Swollen Sores in 19th Century America

Red swellings on the skin were a sign that the body had lost its healthy equilibrium for a nineteenth century American. Since all parts of the body were interrelated, an external swelling on the skin might bespeak much graver danger. Moreover, the swelling was a clear indication that harmful matter was trapped inside the body and needed to be let out, so that the proper balance of input and output could be restored.

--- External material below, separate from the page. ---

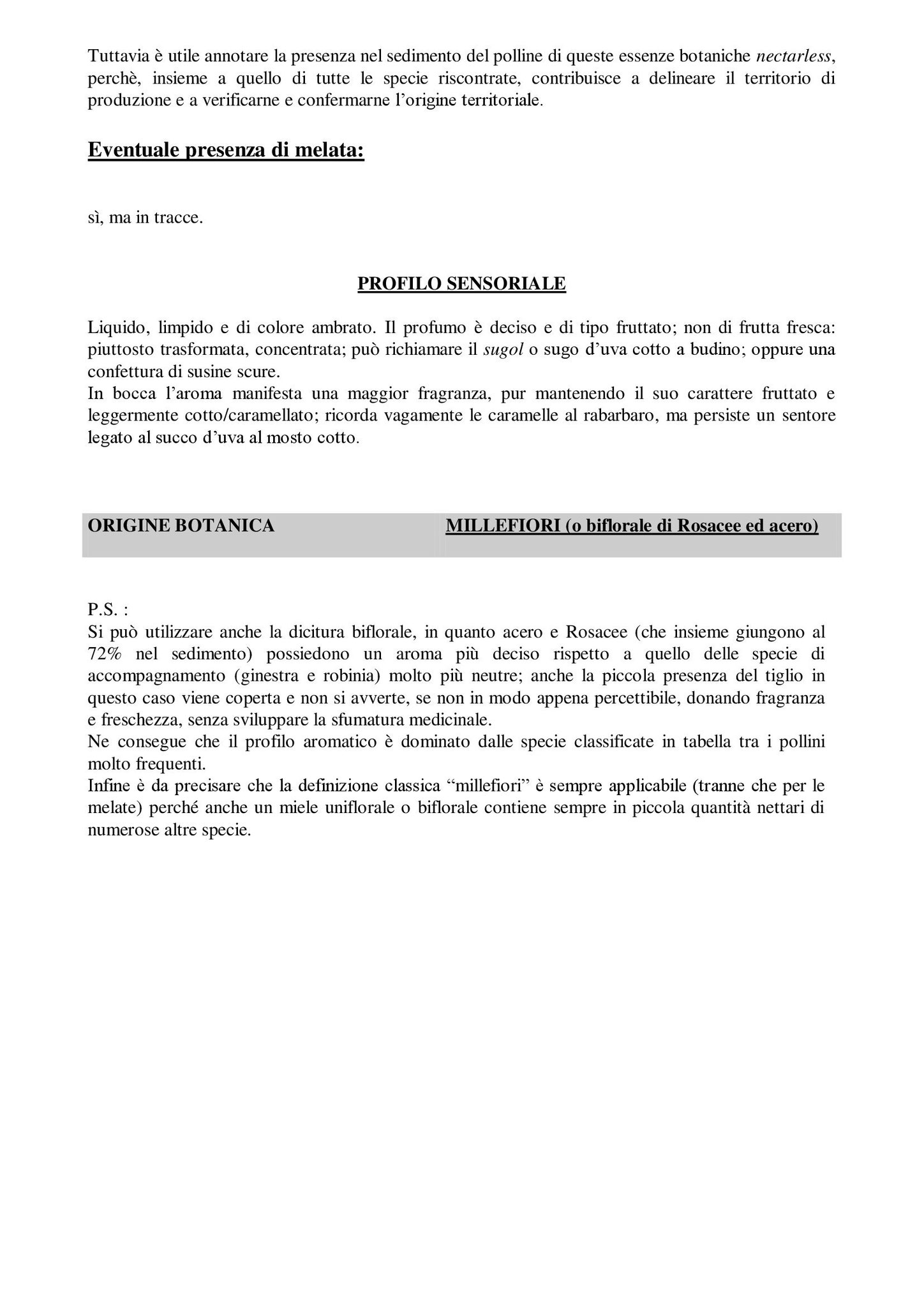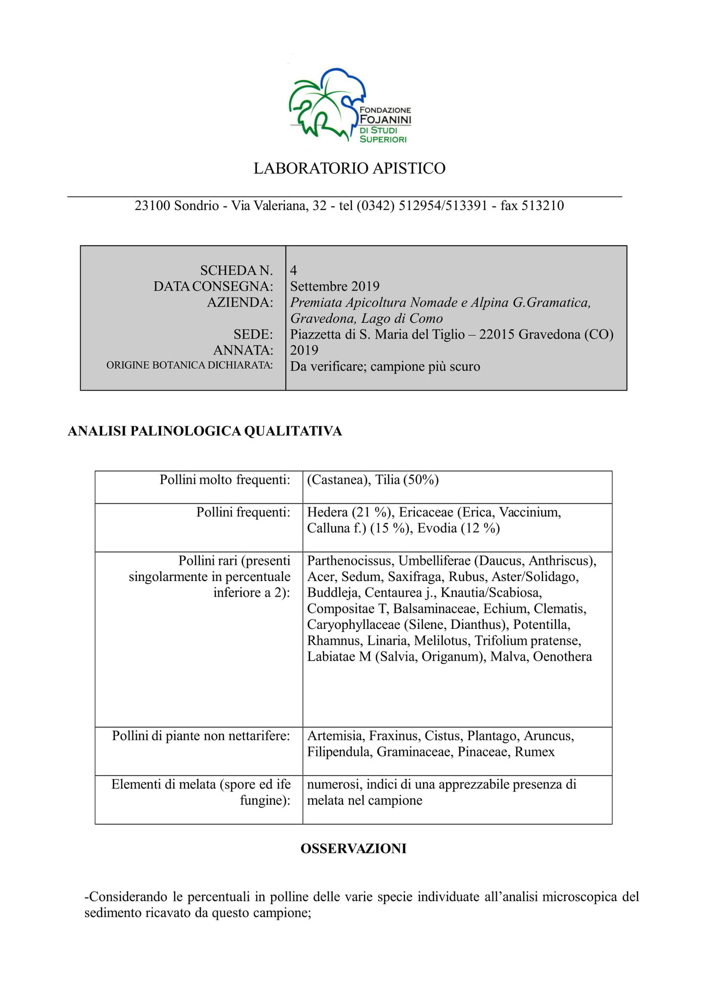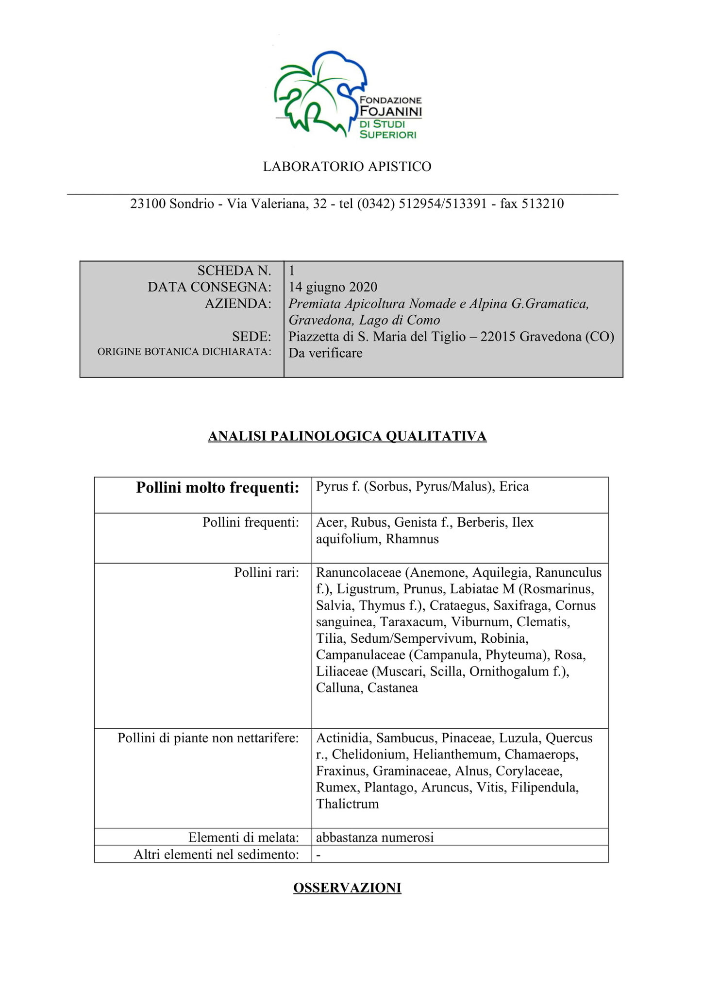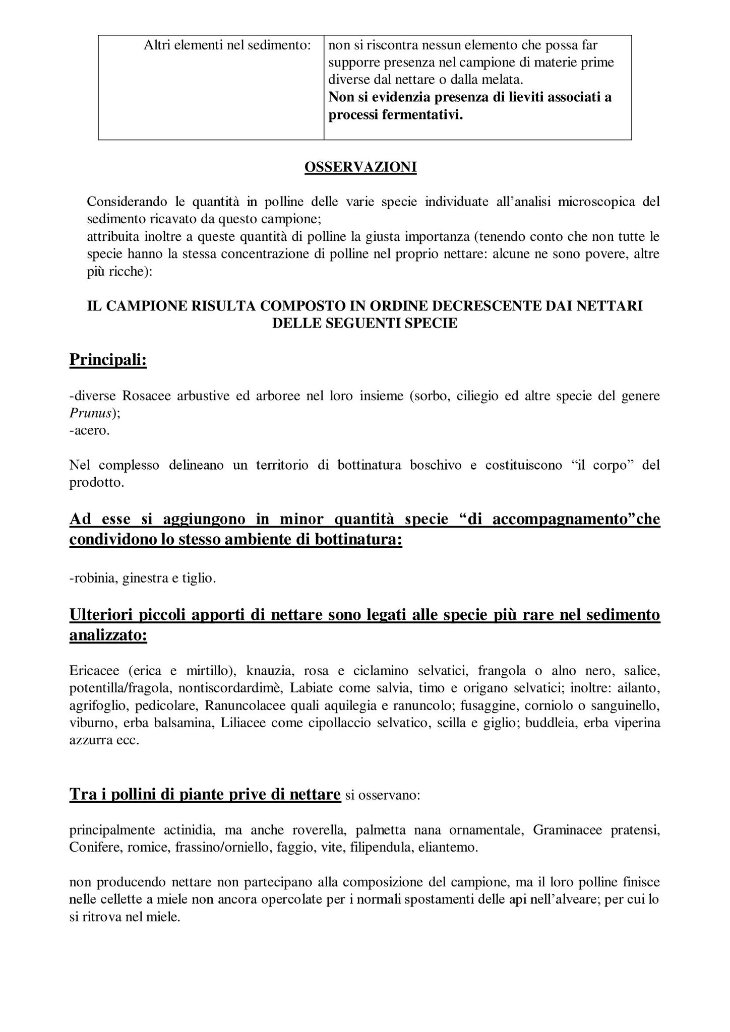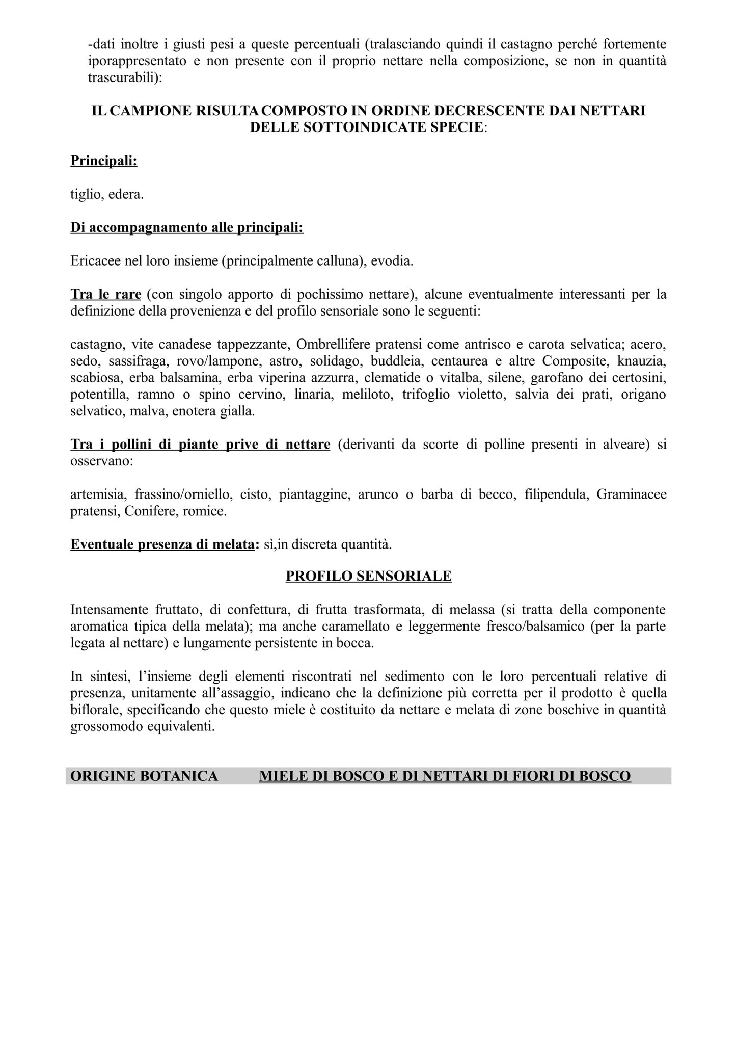 In ogni confezione viene acclusa la certificazione dell'origine botanica e l'analisi palinologica qualitativa dei mieli di Tiglio e Millefiori compiuta nell'agosto 2014 dal Laboratorio Apistico dell'Istituto FOJANINI di Sondrio. (vedi sotto)

The most important treatment for addressing a skin swelling was to drain out the pus or matter contained within the welt. This might be performed either by the patient, a family member, or the local doctor. Hopefully, when pierced, the swelling would release its contents with two important benefits. First, the harmful matter would be released, and second, it could be studied to reveal the nature of the illness that caused it. If the swelling released matter successfully, a patient would be much relieved. A couple of stories from the family of Stephen and Mary Hempstead, frontier settlers in Saint Louis, illustrate the importance of removing the contents of the swelling:

"Throughout their years in Missouri, many in the Hempstead family were beset with painful, drawn-together eruptions that held serious consequences. 'My wife complains of some thing gathering on her back and right Shoulder," Stephen Hempstead wrote in 1814. The family's physician made repeated deep incisions to discharge 'much matter' and bring out of the body all that was gathered in the abscess. Thought it was "a Shocking Sore," the ulcer was ultimately resolved and Mary Hempstead returned to health." (1)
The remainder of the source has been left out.